**What the exercise asks:**
Each line of the records below needs repeating exactly. Skip the pictures.

☆ ☆ ☆ ☆ ☆ ☆ ☆

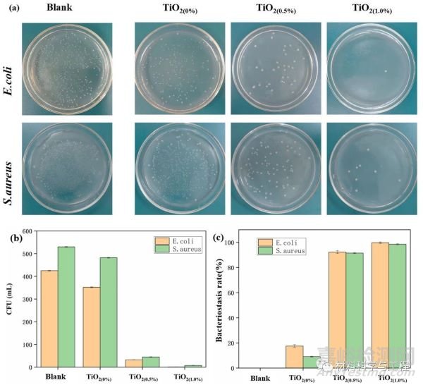 (b)平均菌落形成單位數(shù),(c)對應(yīng)的抑菌率空白樣品和PHBV/PBAT/TiO 2納米纖維膜。
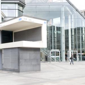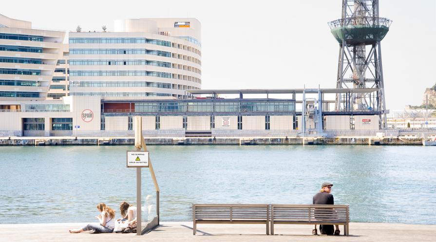 La foto rappresenta un paesaggio preso dal futuro prossimo in cui, rassegnati all'impossibilità di tenere pulita l'aria, serenamente ci muoveremo abbigliati con le tute anti-contaminazione. Avremo però a disposizione un potente anti-virus per ambiente, attivabile sul nostro telefonino inquadrando il QR code, che ci dirà quanto saremo contaminati.
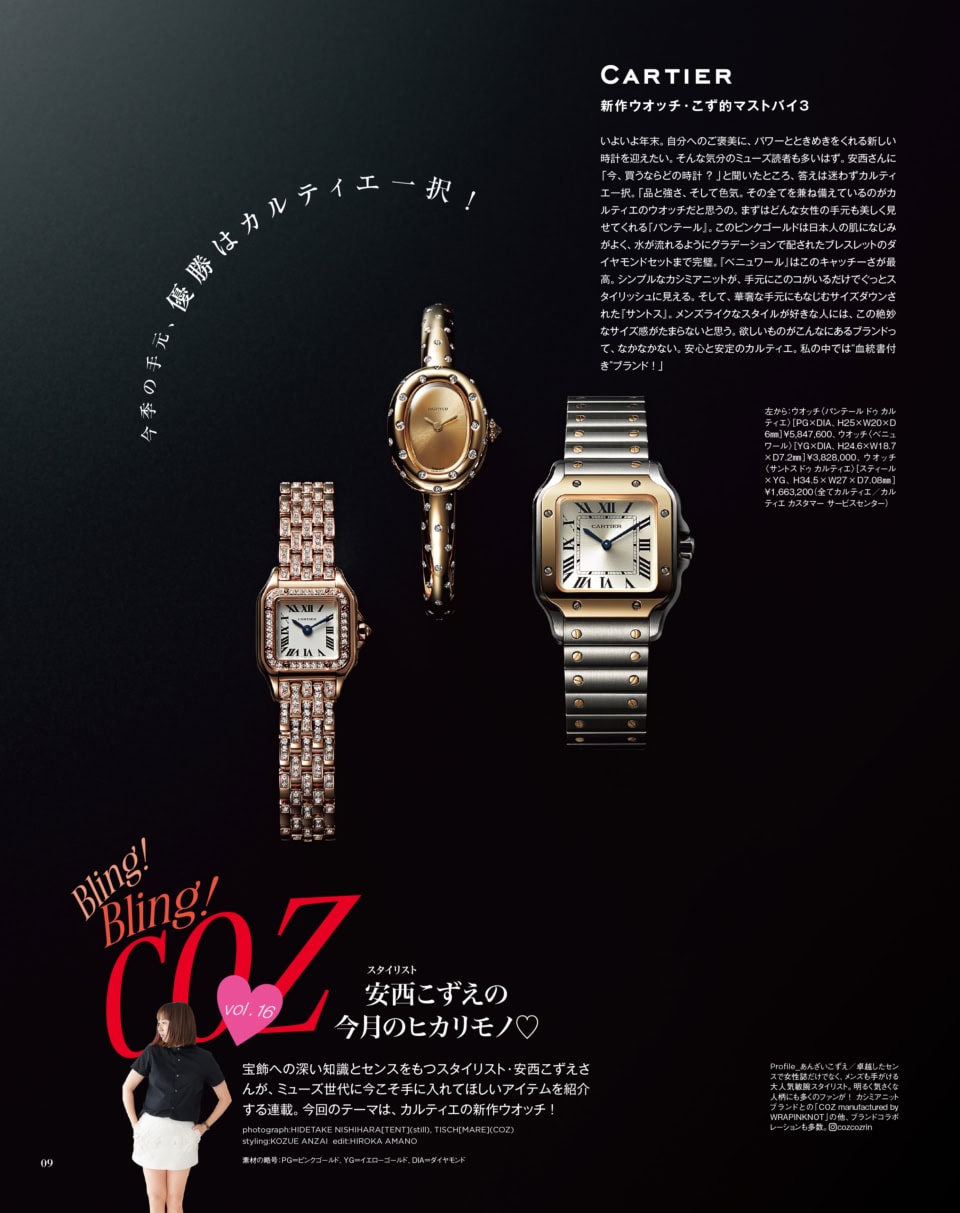 あ、連載といえば、今月の「ご褒美ラグジュアリー♥」を体現し続けているともいえる、スタイリスト安西こずえさんの連載もお忘れなく。毎月、気になったラグジュアリーアイテムを教えてくれるのですが、今月はカルティエの腕時計でした。安心と安定のカルティエ、いろいろ見てきたうえで、やっぱりカルティエ! そう言い切る安西さんの言葉には絶大な力があります。
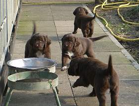 der B-Wurf aus Nixe nach Cliff von Linduri. Es wurden 4,5 braune Welpen
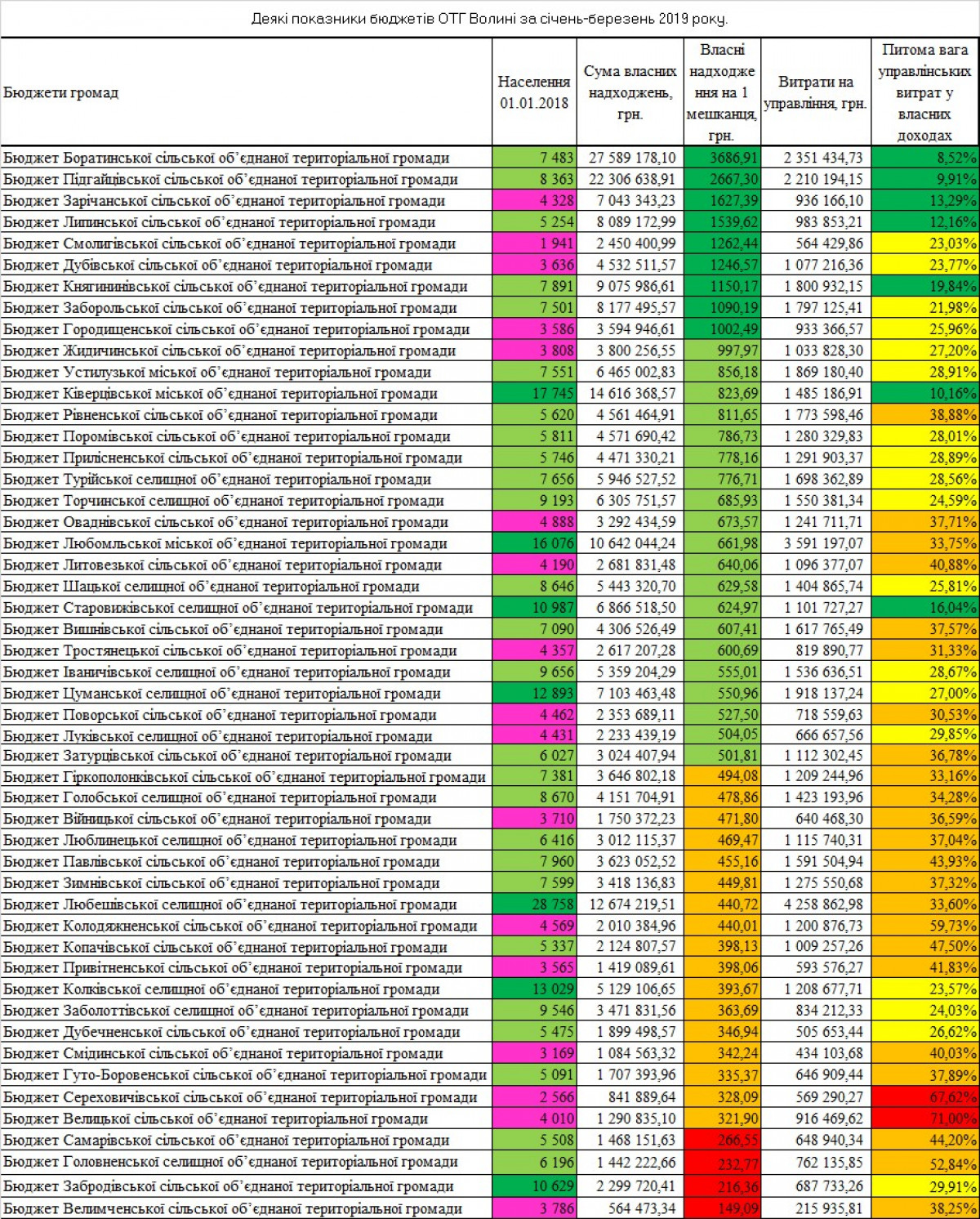Також подаємо до уваги читачів інформацію про доходи місцевих бюджетів в розрахунку на одного мешканця та .питому вагу управлінських витрат у власних надходженнях громад.

☆ ☆ ☆ ☆ ☆ ☆ ☆

**Answer to this exercise:**
 (b)平均菌落形成單位數(shù),(c)對應(yīng)的抑菌率空白樣品和PHBV/PBAT/TiO 2納米纖維膜。
 La foto rappresenta un paesaggio preso dal futuro prossimo in cui, rassegnati all'impossibilità di tenere pulita l'aria, serenamente ci muoveremo abbigliati con le tute anti-contaminazione. Avremo però a disposizione un potente anti-virus per ambiente, attivabile sul nostro telefonino inquadrando il QR code, che ci dirà quanto saremo contaminati.
 あ、連載といえば、今月の「ご褒美ラグジュアリー♥」を体現し続けているともいえる、スタイリスト安西こずえさんの連載もお忘れなく。毎月、気になったラグジュアリーアイテムを教えてくれるのですが、今月はカルティエの腕時計でした。安心と安定のカルティエ、いろいろ見てきたうえで、やっぱりカルティエ! そう言い切る安西さんの言葉には絶大な力があります。
 der B-Wurf aus Nixe nach Cliff von Linduri. Es wurden 4,5 braune Welpen
Також подаємо до уваги читачів інформацію про доходи місцевих бюджетів в розрахунку на одного мешканця та .питому вагу управлінських витрат у власних надходженнях громад.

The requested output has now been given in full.